Question

A charged particle enters a magnetic field H with its initial velocity making an angle of \[45^\circ \]with H. The path of the particle will be
A. A straight line
B. A circle
C. An ellipse
D. A helix

Answer 1

Hint:When the charged particle enters a magnetic field then the magnetic field applies force on the charged particle which changes the path of the motion of the charged particle. The magnetic force is perpendicular to the velocity of the charged particle.

Formula used:
\[\overrightarrow F = q\left( {\vec v \times \vec B} \right)\]
Here \[\vec F\] is the magnetic force vector, \[\vec v\] is the velocity of the charged particle and \[\vec B\] is the magnetic field in the region.

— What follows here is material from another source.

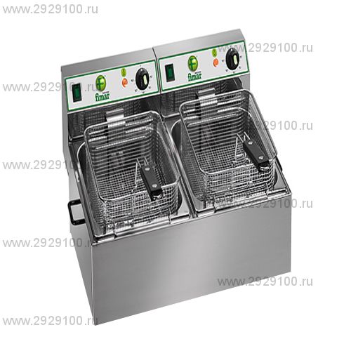 Описание Фритюрница FIMAR FT44Фритюрница электрическая FIMAR FT44 предназначена для приготовления продуктов в большом количестве жира. Вместимость корзины: 0,5 +0,5 кг Рабочая температура: 0÷180° C Время нагрева от 0 до 180° C: ~ 7 минут Время обжаривания: ~ 6 минут Производительность: 4,5 + 4,5 кг/час Корпус, ванна и крышка выполнена из нержавеющей стали; выдвижные корзины из хромированной проволоки; ручки корзин и крышек из термоизолирующего пластика; ТЭНы из нержавеющей стали. Регулятор температуры позволяет изменять ее от 50÷180 ° C. Фритюрница FIMAR FT44 оснащена предохранительным термостатом с кнопкой возврата в исходное состояние. Верхний блок тенов- съемный. Характеристики Фритюрница FIMAR FT44

Complete step by step solution:
It is given that the charged particle enters into the region of the magnetic field with magnetic field strength H. The velocity of the charged particle is making an angle of \[45^\circ \].

As the initial velocity is making an angle with the magnetic field, so there are two components of the initial velocity of the charged particle, one is perpendicular to the magnetic field and other is horizontal component. As the magnetic force is proportional to the vector product of the velocity and the magnetic field, so the horizontal component will not experience the magnetic force and it remains constant.

The perpendicular component of the force will cause the circular path of the motion and the horizontal velocity component will make the charged particle move forward making a circular revolution. So, the path of the motion of the charged particle will be circular motion in the vertical plane and linear in the horizontal plane, i.e. the path will be helix.

Therefore, the correct option is D.

Note: We should note that the separation between the two helical rings will be equal to the linear distance covered by the charged particle within a period of revolution. If velocity is perpendicular to the magnetic field then the path will be circular.